Build and test Azure Pipelines build status CodeQL Known vulnerabilities Quality Gate Status

Code style: prettier

An over-engineered CLI app, and an experiment with TypeScript/JavaScript (ECMAScript) aimed at:

  1. Creating a simulation of the famous counterintuitive Monty Hall problem
  2. Solving the strategy problem with Monte Carlo methods
  3. Creating a simulation of a general Montehall Problem with $n$ number of doors
  4. Producing fairly readable code and Node.js solution suitable for a pretty good practice tutorial.
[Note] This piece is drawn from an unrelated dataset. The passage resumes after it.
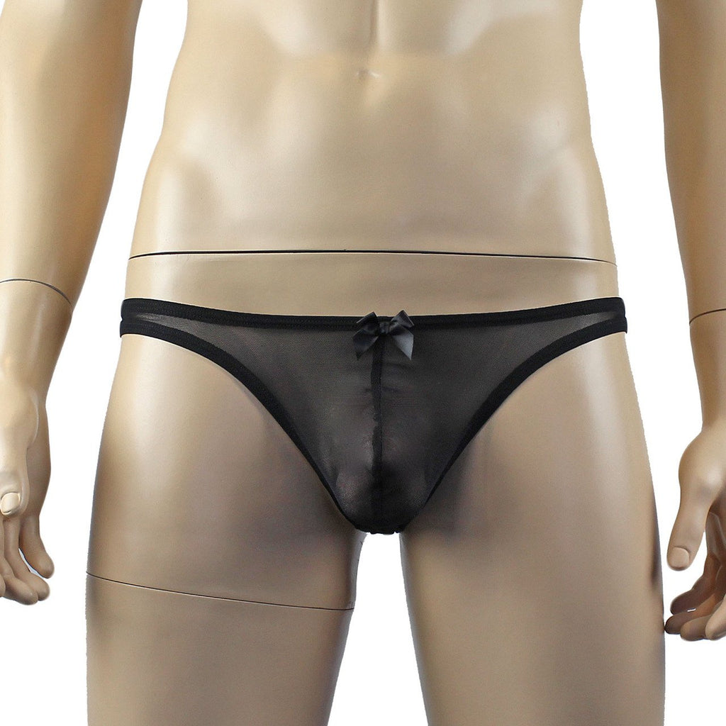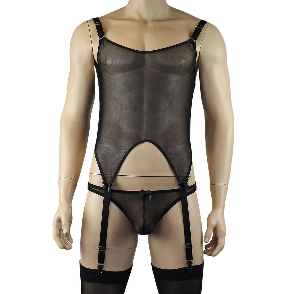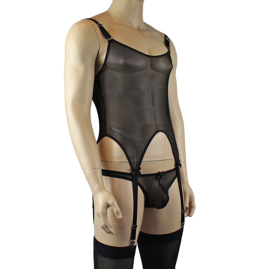 Mens sexy stretch sheer mesh Corset Top with adjustable wide elastic shoulder straps and garters with extra strong metal adjustment clips and garters. Has sexy satin ribbon bows on each garter for that feminine touch. Comes with matching G string Thong with pouch front, elastic sides and waist and bow front. Comes with plain opaque Stockings.

Inspired by Numberphile's Monty Hall problem video.

Monty Hall Problem - Numberphile

Setup

Node.js (latest v16.x, or higher) and NPM (v9.x) are required to run the app:

npm install
npm run build

Or, using Docker and Bash (recommended)

docker pull node
docker run --rm --volume=$(pwd):/src --workdir="/src" node npm install
docker run --rm --volume=$(pwd):/src --workdir="/src" node npm run build

Running the CLI app

Running the default simulation with a player that does not switch:

npx montehall

or, with Docker and Bash

docker run --rm --volume="$(pwd):/src" --workdir="/src" node npx montehall

A player who does not switches their door pick should statistically win 1/3 of the games, given a sufficiently large number of random game attempts. However, a prudent, or "wise," player who switches pick should win 2/3 of the games, which can be simulated using the --wise option:

npx montehall --wise

A list of available options is accessible from the CLI:

npx montehall --help

Number of game simulations

The default number of simulated games is 16384. This can be changed using the --games option, or by changing the value for the games key in the config.json configuration file.

General Monte Hall problem

A standard (default) game has three doors. A general game has $n$ doors.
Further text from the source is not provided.